● **Task details**:
Skip the pictures, please, and write out exactly the lines from the opening of the data through the line containing "I'm pretty impressed".
== Extracted data ==
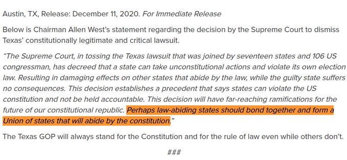 Texas GOP chairman suggests ‘Constitution-abiding states should form a UNION’ after SCOTUS tosses election suit.
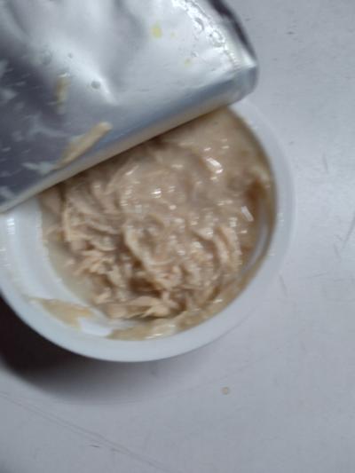 I'm pretty impressed with this food. It looks and smells like chicken unlike some others. I have a picky eater and I mixed this into his dry food and he loved it.
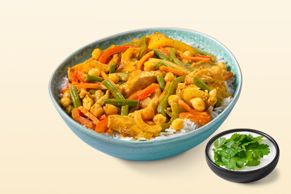 Indian chicken tikka masala with delicious tender chicken breast, rice, green beans, bamboo shoots, carrots, bell peppers, onions, and chickpeas. Packed with vegetables!
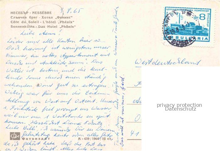 74088010 old postcard Nessebre Nessebar Nessebyr BG Hotel Phoenix postalisch gelaufen Erhaltung siehe scans [WerneD78] KatCode: 11090
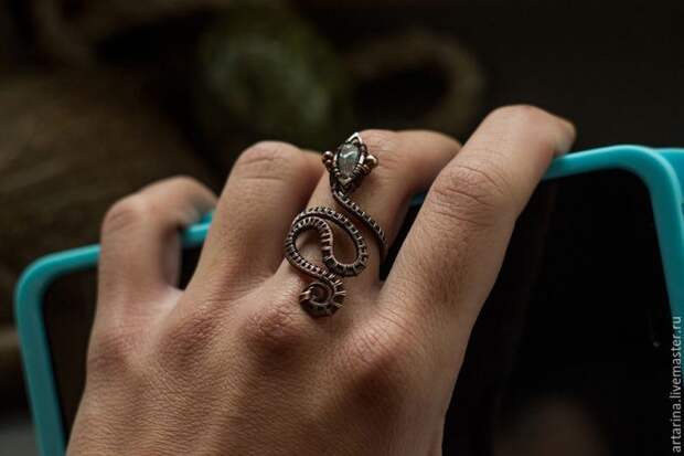 | В данном мастер-классе хочу поделиться с вами техникой создания безразмерного кольца-змеи из проволоки. Змейка получается довольно необычная, в реальности смотрится интересно, а сделать такую своими руками из проволоки вполне по силам каждому. |
===
● **Response to the task**:
 Texas GOP chairman suggests ‘Constitution-abiding states should form a UNION’ after SCOTUS tosses election suit.
 I'm pretty impressed with this food. It looks and smells like chicken unlike some others. I have a picky eater and I mixed this into his dry food and he loved it.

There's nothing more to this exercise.